KPR Mills is an integrated textile manufacturing company from India. This is its first overseas garment unit. The opening of the factory is the result of a collaborative partnership with the International Trade Centre’s (ITC) Supporting Indian Trade and investment for Africa program (SITA), which works to build trade and investment linkages between India and East Africa. ITC’s SITA program aims at improving the competitiveness of selected value chains, including textiles and apparel, in five East African countries – Ethiopia, Kenya, Rwanda, Uganda and the United Republic of Tanzania – through the provision of partnerships with institutions and businesses from India. KPR Export is a showcase example of Ethiopia’s attractiveness and investment potential and a demonstration of the successful effort by ITC’s SITA program in strengthening business linkages across the Indian Ocean.
Indorama Ventures launches DEJA™, a 100-percent rPET brand
Indorama Ventures (IVL), a global chemical producer, has launched a new 100-percent rPET (recycled PET) brand DEJA™ as a part of its continuous commitment to deliver responsible and sustainable growth. IVL’s new 100-percent rPET fiber brand DEJA is available in various forms such as recycled flake, pellet, fiber and filament for use in multiple applications. Its products are derived by recycling 140 kilo tonne of plastic bottles yearly and transforming them into extra-ordinary, innovative, product ingredients. The DEJA brand enables forward-thinking companies to make a decision based on performance and innovative future-proofed materials.
Headquartered in Bangkok, Thailand, IVL has operating sites in 31 countries on five continents and a global manufacturing footprint across Africa, Asia, Europe and North America.The company has been at the forefront of the process in developing the technology to convert rPET bottles into highly usable products for over 40 years. Its heritage in pioneering recycling technology for global applications has ensured consistent delivery and innovation in changing and challenging environments.
IVL continues to build durable competitive advantages through its diversified portfolio, supported by a responsible approach to sustainable business, people and the environment; creating value for society and for customers.

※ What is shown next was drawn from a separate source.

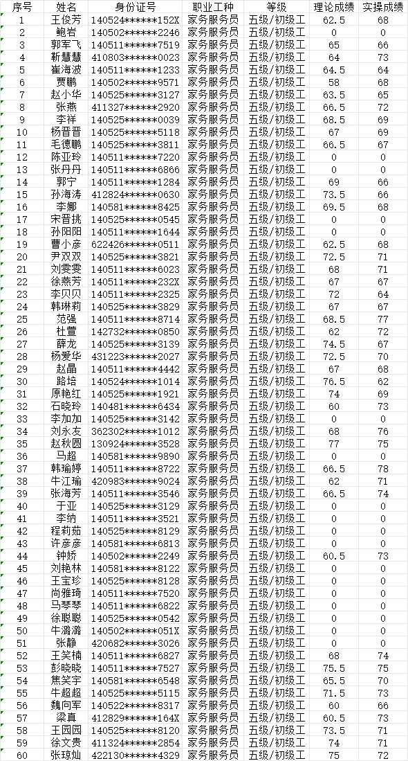 晉城市潔霸清潔服務(wù)股份有限公司職業(yè)技能等級(jí)認(rèn)定中心現(xiàn)將202477日認(rèn)定人員成績(jī)公示如下:

AAFA condemns new tariffs on US imports worth $300 billion
The American Apparel & Footwear Association is severely disappointed by the Trump administration’s decision to propose further tariffs on approximately $300 billion worth of US imports, including clothing, shoes, and other textiles from China. According to AAFA, tariffs are taxes on American consumers that result in higher prices, lower sales, and loss of jobs. While the Administration is in ‘no rush’ to form a deal with China, it is apparently in a hurry to impose new taxes on the American consumer.”
The American Apparel & Footwear Association estimates that a family of four will be charged an additional $500 per year to cover these tariffs on clothing, shoes, travel goods, and related items. The Tariffs Hurt the Heartland campaign estimates that the average family will be hit with an additional $2,300 per year to cover all of the Administration’s tariffs.